Solar facades for heating and cooling in buildings
Chan, Hoy-Yen (2011) Solar facades for heating and cooling in buildings. PhD thesis, University of Nottingham.
The aim of this thesis is to study the energy performance of a building integrated heating and cooling system. The research objectives are to investigate the system operating characters, to develop mathematical models for the heating and cooling systems, to demonstrate the technologies experimentally, to identify the best designs for a combined system and to investigate the cost effectiveness of the system. The main components of the systems are the aluminium plate façade and the building wall behind it, these form a plenum between them and the air is then heated or cooled as it flows through this plenum. Mathematical models were developed based on the energy balance equations and solved by matrix inversion method. These models were then validated with experimental results.
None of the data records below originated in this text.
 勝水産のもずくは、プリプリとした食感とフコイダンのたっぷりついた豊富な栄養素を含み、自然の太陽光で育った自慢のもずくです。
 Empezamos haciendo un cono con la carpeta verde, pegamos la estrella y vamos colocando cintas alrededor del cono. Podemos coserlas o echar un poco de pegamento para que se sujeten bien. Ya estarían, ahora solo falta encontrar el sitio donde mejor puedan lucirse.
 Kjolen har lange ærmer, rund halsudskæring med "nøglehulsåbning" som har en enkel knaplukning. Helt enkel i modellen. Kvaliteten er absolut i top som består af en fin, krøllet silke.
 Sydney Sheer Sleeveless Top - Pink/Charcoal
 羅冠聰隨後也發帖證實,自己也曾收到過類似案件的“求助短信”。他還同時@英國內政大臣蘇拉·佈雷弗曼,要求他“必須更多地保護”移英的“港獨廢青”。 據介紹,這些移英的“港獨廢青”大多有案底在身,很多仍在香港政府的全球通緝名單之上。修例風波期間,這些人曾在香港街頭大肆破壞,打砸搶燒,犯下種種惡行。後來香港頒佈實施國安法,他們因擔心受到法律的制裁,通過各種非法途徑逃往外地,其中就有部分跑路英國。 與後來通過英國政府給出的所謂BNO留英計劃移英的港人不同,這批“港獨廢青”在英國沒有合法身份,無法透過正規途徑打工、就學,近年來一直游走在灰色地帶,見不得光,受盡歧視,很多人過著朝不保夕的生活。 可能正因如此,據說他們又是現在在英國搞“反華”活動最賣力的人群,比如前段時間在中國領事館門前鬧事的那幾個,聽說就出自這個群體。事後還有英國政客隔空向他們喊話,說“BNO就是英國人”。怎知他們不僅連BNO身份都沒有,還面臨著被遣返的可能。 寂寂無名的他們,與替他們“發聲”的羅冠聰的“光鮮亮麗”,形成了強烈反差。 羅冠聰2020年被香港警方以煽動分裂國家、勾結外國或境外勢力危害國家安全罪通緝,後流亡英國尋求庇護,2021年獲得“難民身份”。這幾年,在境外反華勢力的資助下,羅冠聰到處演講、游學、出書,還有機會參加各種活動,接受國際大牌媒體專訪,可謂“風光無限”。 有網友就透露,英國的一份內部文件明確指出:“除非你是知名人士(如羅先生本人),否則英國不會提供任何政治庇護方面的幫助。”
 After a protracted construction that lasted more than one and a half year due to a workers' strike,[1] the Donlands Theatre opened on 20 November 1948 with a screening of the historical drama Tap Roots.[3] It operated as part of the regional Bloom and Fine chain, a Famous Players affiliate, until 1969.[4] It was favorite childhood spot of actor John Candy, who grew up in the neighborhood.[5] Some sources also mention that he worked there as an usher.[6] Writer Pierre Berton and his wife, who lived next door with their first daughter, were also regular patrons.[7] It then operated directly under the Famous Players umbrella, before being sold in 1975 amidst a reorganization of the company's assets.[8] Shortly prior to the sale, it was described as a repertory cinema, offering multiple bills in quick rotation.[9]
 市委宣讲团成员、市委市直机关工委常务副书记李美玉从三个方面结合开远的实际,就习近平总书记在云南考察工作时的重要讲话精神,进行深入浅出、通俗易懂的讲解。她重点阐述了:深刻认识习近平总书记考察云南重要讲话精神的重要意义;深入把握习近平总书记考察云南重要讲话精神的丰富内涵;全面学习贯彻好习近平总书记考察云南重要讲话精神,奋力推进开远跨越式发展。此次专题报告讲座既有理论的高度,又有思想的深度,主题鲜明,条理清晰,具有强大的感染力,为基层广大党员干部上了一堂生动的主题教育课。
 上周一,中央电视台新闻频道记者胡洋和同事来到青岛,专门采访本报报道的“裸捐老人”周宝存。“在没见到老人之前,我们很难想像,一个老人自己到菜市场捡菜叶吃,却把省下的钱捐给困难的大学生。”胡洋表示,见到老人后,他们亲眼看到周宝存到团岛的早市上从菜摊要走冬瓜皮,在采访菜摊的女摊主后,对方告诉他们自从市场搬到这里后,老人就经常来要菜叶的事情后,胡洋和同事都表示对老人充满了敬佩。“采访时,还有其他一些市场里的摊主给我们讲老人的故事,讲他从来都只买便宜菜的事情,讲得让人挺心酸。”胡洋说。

The experiments were carried out in the laboratory with a facade area of 2m2. Two designs of facade were tested, i.e. flat and transpired plates. Results showed that the transpired design gave better thermal performance; the system efficiency for the flat plate was only about 30%, whereas it was about 85% for the transpired plate. On the other hand, a cooling system with double plenums was found to be better than a single plenum. Thus, a transpired plate with two plenums was identified as the best design for space heating and cooling. The cooling efficiency was nearly 2.0 even at low solar radiation intensity. A simulation study was carried out by assuming a 40m2 of façade was installed on an office building in London. The yearly energy saving was estimated as 10,877kWh, which is equivalent to 5,874kgCO2/year of emission avoidance. The system is calculated to cost about £70/m2, and for a discount rate of 5% and 30 years of lifetime, the payback period for this system would be less than a years.